Start with the script defaults, then tune these first:

- `NNODES_ROLLOUT`, `NNODES_TRAIN`, `NGPUS_PER_NODE`: cluster size split between rollout and training.
- `TRAIN_FILE`, `TEST_FILE`: train and validation Parquet files.
- `MODEL_PATH`: base policy checkpoint.
- `RUNTIME_ENV`: Ray runtime env with Python path, dependency, and credential settings.
- `AGENT_CONFIG_PATH`: agent loop YAML.
- `n_resp_per_prompt`: number of rollouts per prompt.
- `actor_rollout_ref.rollout.agent.num_workers`: number of agent rollout workers per rollout process.
- `max_prompt_length`, `max_response_length`: context budget for the agent trajectory.
- `staleness_threshold`, `trigger_parameter_sync_step`, `require_batches`, `partial_rollout`: fully async scheduling and weight synchronization behavior.

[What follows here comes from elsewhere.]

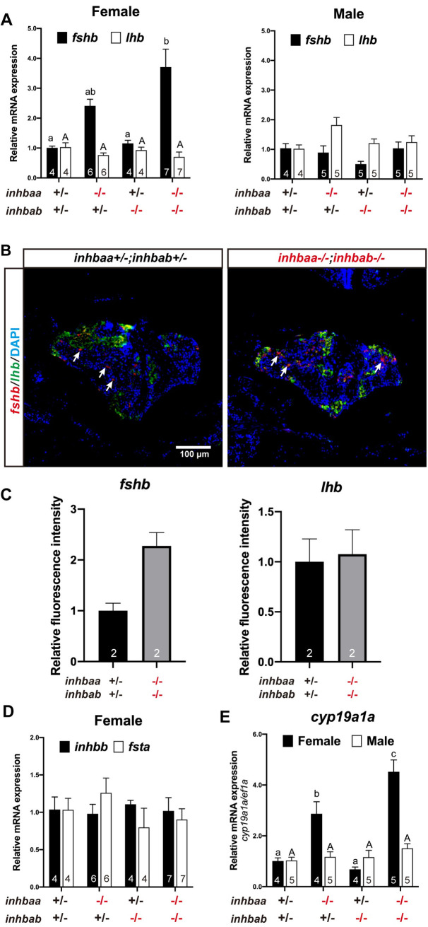 (A) Expression of fshb and lhb in the pituitary of activin βA mutants at 90 dpf. (B) Fluorescence in situ hybridization for fshb (arrows) and lhb in female pituitaries of the control (inhbaa+/-;inhbab+/-) and double mutant (inhbaa-/-;inhbab-/-) at 90 dpf. (C) Quantification of the in situ hybridization signals in the double mutant (n = 2). (D) Expression of inhbb and fsta in the pituitary of activin βA female mutants at 90 dpf. (E) Expression of aromatase (cyp19a1a) in the ovary and testis of the βA mutants at 90 dpf. Sample size is indicated in each column, and different letters in each dataset indicate statistical significance (p < 0.05).

For MoE or large models, also check tensor, pipeline, context, and expert parallelism settings such as `GEN_TP`, `TP`, `PP`, `CP`, and `EP` in `train_qwen3p5_moe.sh`.

---

## Single-Node Debug

Before launching a large run, use the debug script to validate the full path from data loading to rollout execution:

```bash
export TRAIN_FILE="${RAY_DATA_HOME}/data/swe_agent/swe_rebench_filtered_modal.parquet"
export TEST_FILE="${RAY_DATA_HOME}/data/swe_agent/swe_bench_verified_modal.parquet"
export RUNTIME_ENV="${RAY_DATA_HOME}/data/swe_agent/runtime_env.yaml"
export AGENT_CONFIG_PATH="${RAY_DATA_HOME}/data/swe_agent/agent_config.yaml"

bash examples/agent_train/single_node_debug.sh
```

Use this to catch missing credentials, wrong sandbox images, broken `post_setup_cmd`, or reward errors before scaling out.

---

## Sync Training

`train_sync.sh` exists for comparison and simple experiments. For production agent RL, prefer the fully async scripts above. Sync training waits for the rollout batch to complete before updating the policy, which is usually inefficient for long-horizon agent tasks with highly variable episode lengths.